[Marxism] Stan Goff comments on Fahrenheit 9/11 critiques

Craven, Jim JCraven at clark.edu
Thu Jul 8 18:48:40 MDT 2004

  Something you wrote caught my attention  . . You wrote,

  "Many who signed up, and even initially wanted to go to the Gulf (hard
to get a CIB or "war credentials/medals"
  necessary for real advancement these days) . . ."

  What evidence do you have that "war credentials/medals" are necessary
for "real advancement".  I confess that I also don't know exactly what
you mean by "real advancement". On the one hand everyone acknowledges
that the majority of front line soldiers are from working  class  or
lumpen background (i.e, the permanently unemployable that capitalism
needs) and are disproportionately representative of minorities.  Do
these "credentials" really provide them the possibility of real
advancement in the society as a whole?  Is there some evidence that this
is the case in a significant way? I also wonder if  young people from
the other end of the social/economic pyramid need such credentials to
achieve "real advancement".

  Paul H. Dillon

Let me try to answer this--or give my opinion and the reasons for it--by
also dovetailing it with something David Quarter wrote:

I agree that most join the army for these reasons .  Yet what about
those who join because it is their only ticket out of poverty, e.g., to
receiving a college education? These are the people I have sympathy for.
Obviously, folks such as Tillman are low lives through and through.  

First of all, I have read some of the literature--from the services
themselves--on the backgrounds of recruits (active duty, versus
Reserves/Guard) and some of their own stated reasons for going in. On
active duty, the poorest of the poor, the ones who may "THINK" there is
no way out of poverty except through the military, are found generally
in the MOS categories having to do with combat arms--particularly at the
"grunt" level. They can also be found as cooks, logistics, truck
drivers, etc. Actually, these days, with the squeeze on the middle class
and many young people unable to qualify for certain financial assistance
because their parents make too much (even though they may not be living
with their parents) many of the new recruits are not from strictly
working class--or at least ultra-poor working class--or
lumpenproletariat as was once the case; many are from families hardly on
the verge of starvation and outright poverty. Although money for college
and specialized training are the top reasons given among recruits in
interviews (not "killing commies/muslims for Jesus, patriotism, making a
difference, defending the country, etc) there are additional reasons as
well: the Audie Murphy Syndrome (nothing like a war to turn a nobody
into a somebody), low self-esteem (become a Ranger or Airborne or
Special Forces and come back home and show that bitch who dumped you in
high school for the quarterback on the football team that you are now a
somebody and now how does she feel about dumping you?), travel (get out
and see the world beyond that in-bred podunk town you were raised in),
adventure (watching too much JAG, war movies etc), a career (retire at
40 years old with a pension, medical benefits--less and less--), and of
course the standard--can't make it on the outside at anything
interesting and that pays more than minimum wage.

Once in, then you get the full dose of ideology designed to help you
rationalize why you went in in the first place.
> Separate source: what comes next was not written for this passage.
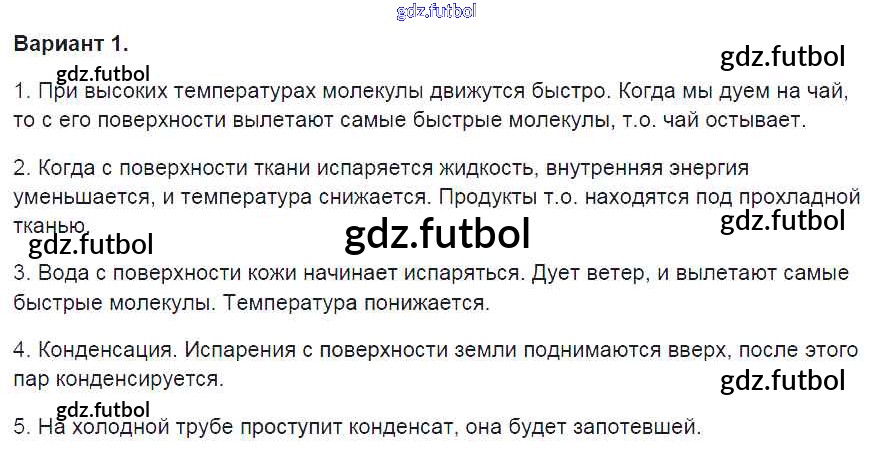 Готовые домашние задания по Физике за 8 класс Громцева Контрольные и самостоятельные работы УМК 2017 ФГОС - СР №14. Поглощение энергии при испарении жидкости и выделение ее при конденсации пара вариант-1

Although you went in for
strictly mercenary reasons like help with college tuition, and didn't
give a fuck or thought about what and whom you might be really serving
or whom you might really be hurting--and in whose interest--now comes
the icing on the cake to ease your cognitive dissonance problems--if you
are not some kind of sociopath and actually have such problems. No you
are among the elite. You are fighting for freedom. You are the cutting
edge of the most powerful military machine ever known and you are
sacrificing--perhaps life and limbs--so that those at home can live in
"freedom." And you also get a full dose of what it takes to get anywhere
significant promotion-wise. In Army terms, you need a patch on your
right shoulder (unit in a combat area), you need horizontal bars on the
right sleeve (each is six months in combat zone), you need a CIB (combat
infantryman's badge) or combat medic badge, a purple heart is excellent
(particularly if you can get one without too-damaging wounds), a Bronze
Star with V-cluster or Silver Star will take you far coupled with
theater and combat campaign ribbons. And then there is further
specialized training, networking, good performance reviews and most of
all, demonstrating unquestioning loyalty to and being on the same page
with the ideology, mission, goals, objectives and dominant values of
your superiors. All of this is understood and the best evidence is to
look at the ribbons of those at the top and/or look at what the likes of
Haig et al did to get combat decorations they clearly did not
deserve--why did they go after them and engage in all sorts of phony and
desecrating stuff (to those who might have deserved some special award)
to get them?

I know not only from the research, but I was one of them once. And no
amount of liberal hand-wringing and solicitous
"these-poor-souls-with-nowhere-else-to-go-to-escape-poverty" will ever
rationalize or let me off the hook for my having once been a willing
tool, dupe and instrument of U.S. imperialism like so many other willing
accomplices. I am responsible for what I did, whom and what I served and
what victims were created by my own complicity with U.S. imperialism.